In truth the political crisis is so deep that only an election offers a realistic prospect of clearing the ground.

The government has lost control of the parliamentary timetable and a cross-party consensus in this Parliament of Remainers is planning a series of indicative votes to divine a way to meet their passing fancy (or at least one that they can reconcile with the desire to keep their parliamentary seats).

All this turns Britain’s infinitely flexible unwritten constitution into a comedy of errors.

May says she will not be constrained by a Commons majority that forces upon her a variation from the Brexit mandate she claims her election mandate gives.

This is unfamiliar territory for Tories whose election manifestos usually conceal more than they reveal about their intentions. But 85 per cent of MPs were elected on a promise to deliver Brexit and her “I support the people” act could resonate with angry voters.

Nevertheless she has lost the initiative and MPs — we hardly are able to define them by party label any longer — can put her in a straitjacket of their choosing. If they can but agree.

The possible outcome of this situation is that a parliamentary majority may be assembled which would compel the government to negotiate a different Brexit from the one arising from her tryst with Michel Barnier or even no Brexit whatsoever.

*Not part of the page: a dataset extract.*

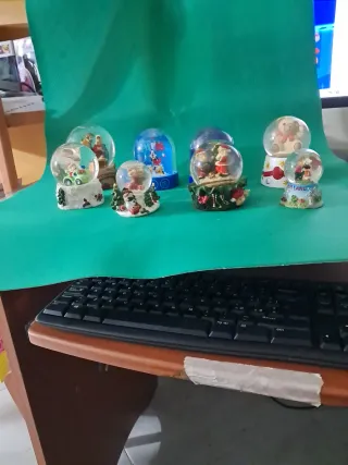 Lotto composto da 8 palle di neve a tema natalizio. - Palla con orsetto e fiocco rosa. - Palla con orsetto e fiocco rosso. - Palla con Babbo Natale e slitta. - Palla con Babbo Natale e auto verde. - Palla con Babbo Natale e albero. - Palla con Babbo Natale e pupazzo di neve. - Palla con Mickey Mouse. - Palla con scena natalizia.

This crisis bares the essential and so far unchanging reality that Britain’s democracy is built upon an unspoken convention that Parliament can only represent the British people in as far as giving effect to popular sentiment that does not challenge the existing order.

This “democracy” is not best suited to accommodate divisions in the ruling class that are so profound as to compel them to mount opposing bids for popular support.

What gives the guardians of capitalist continuity a real edge — integration on British terms with the EU, the North Atlantic Alliance, neoliberal economic policy and partnership with US imperial power — is divisions in the opposition.

All sides in this farce face the reality that an election to reconstitute Parliament cannot take place before the deadline for deciding whether to participate in the elections to the European Parliament.

After three years of foot dragging and innumerable rounds of negotiations which have changed little of substance, public opinion in Britain is settling into camps that remain irreconcilable without a new kind of government.

Last weekend’s demonstration represented a substantial slice of sentiment and, although it was quite unrepresentative of working-class Britain, it included many people who are not irreconcilably opposed to a transformative government.

In its diversity it is not the creature of the people who sponsored it, financed it and led it.

Labour’s challenge is to find a way in which a popular majority for real change can be assembled.